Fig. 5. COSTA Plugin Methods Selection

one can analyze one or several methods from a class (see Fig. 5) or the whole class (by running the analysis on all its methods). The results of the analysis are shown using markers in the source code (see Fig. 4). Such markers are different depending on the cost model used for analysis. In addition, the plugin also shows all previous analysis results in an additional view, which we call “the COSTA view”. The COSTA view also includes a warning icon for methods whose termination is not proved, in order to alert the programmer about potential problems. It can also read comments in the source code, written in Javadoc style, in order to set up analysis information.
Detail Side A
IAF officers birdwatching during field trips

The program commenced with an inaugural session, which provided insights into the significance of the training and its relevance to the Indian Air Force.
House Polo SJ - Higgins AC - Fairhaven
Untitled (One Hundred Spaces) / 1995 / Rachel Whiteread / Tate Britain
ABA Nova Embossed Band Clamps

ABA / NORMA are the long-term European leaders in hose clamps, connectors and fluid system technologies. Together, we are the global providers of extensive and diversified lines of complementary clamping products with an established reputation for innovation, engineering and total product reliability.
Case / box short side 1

----------

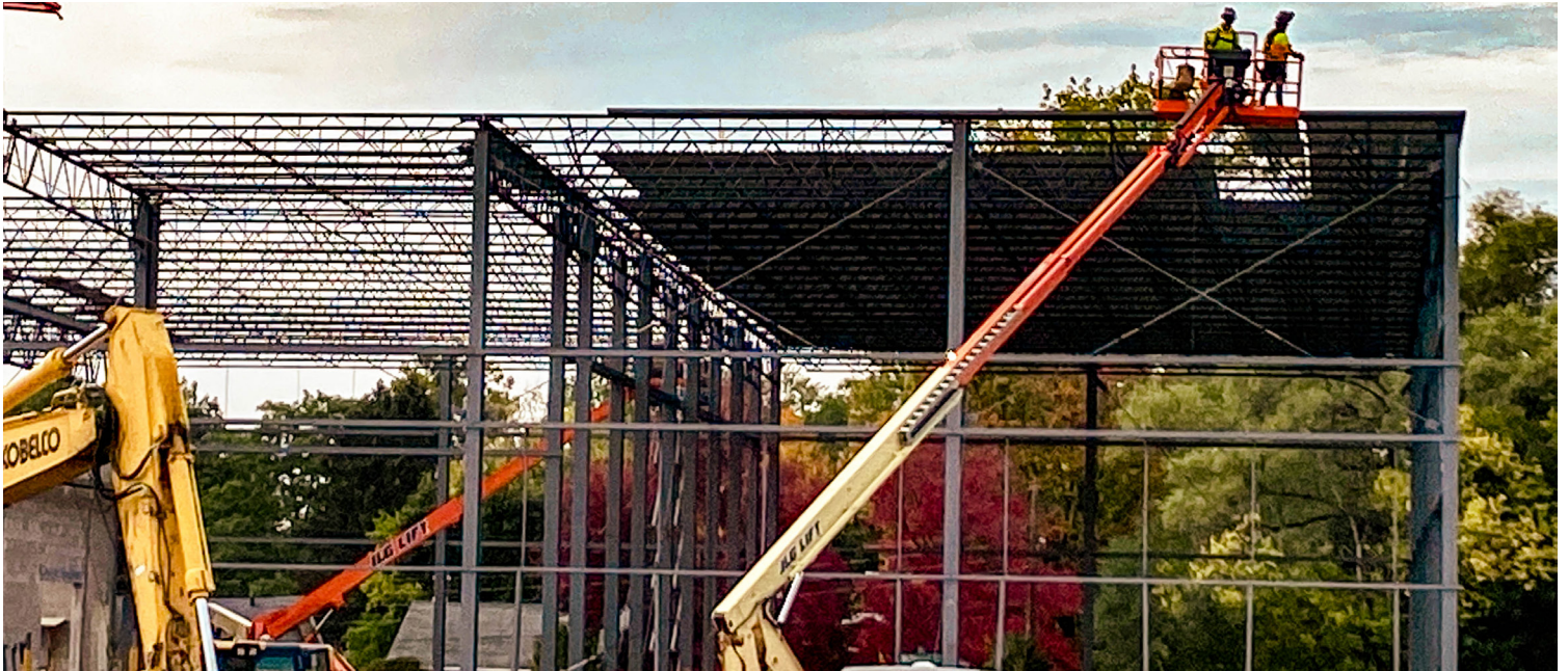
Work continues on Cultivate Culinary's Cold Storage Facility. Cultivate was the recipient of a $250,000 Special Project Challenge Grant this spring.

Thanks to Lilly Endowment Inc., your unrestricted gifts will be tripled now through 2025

----------

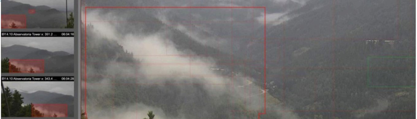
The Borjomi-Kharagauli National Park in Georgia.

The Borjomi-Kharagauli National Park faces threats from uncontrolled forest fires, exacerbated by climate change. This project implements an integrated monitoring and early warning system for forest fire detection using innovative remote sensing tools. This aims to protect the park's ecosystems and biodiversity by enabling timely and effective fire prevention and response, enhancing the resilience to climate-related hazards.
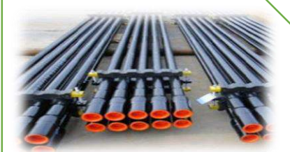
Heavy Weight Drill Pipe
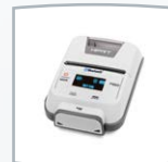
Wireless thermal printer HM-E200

----------

## TO DO
In the entries above, find the line with "Untitled (One Hundred" and the line with "Case / box short side 1", then set down exactly those two and every line between them, nothing else.

## ANSWER TO THIS TASK
Untitled (One Hundred Spaces) / 1995 / Rachel Whiteread / Tate Britain
ABA Nova Embossed Band Clamps

ABA / NORMA are the long-term European leaders in hose clamps, connectors and fluid system technologies. Together, we are the global providers of extensive and diversified lines of complementary clamping products with an established reputation for innovation, engineering and total product reliability.
Case / box short side 1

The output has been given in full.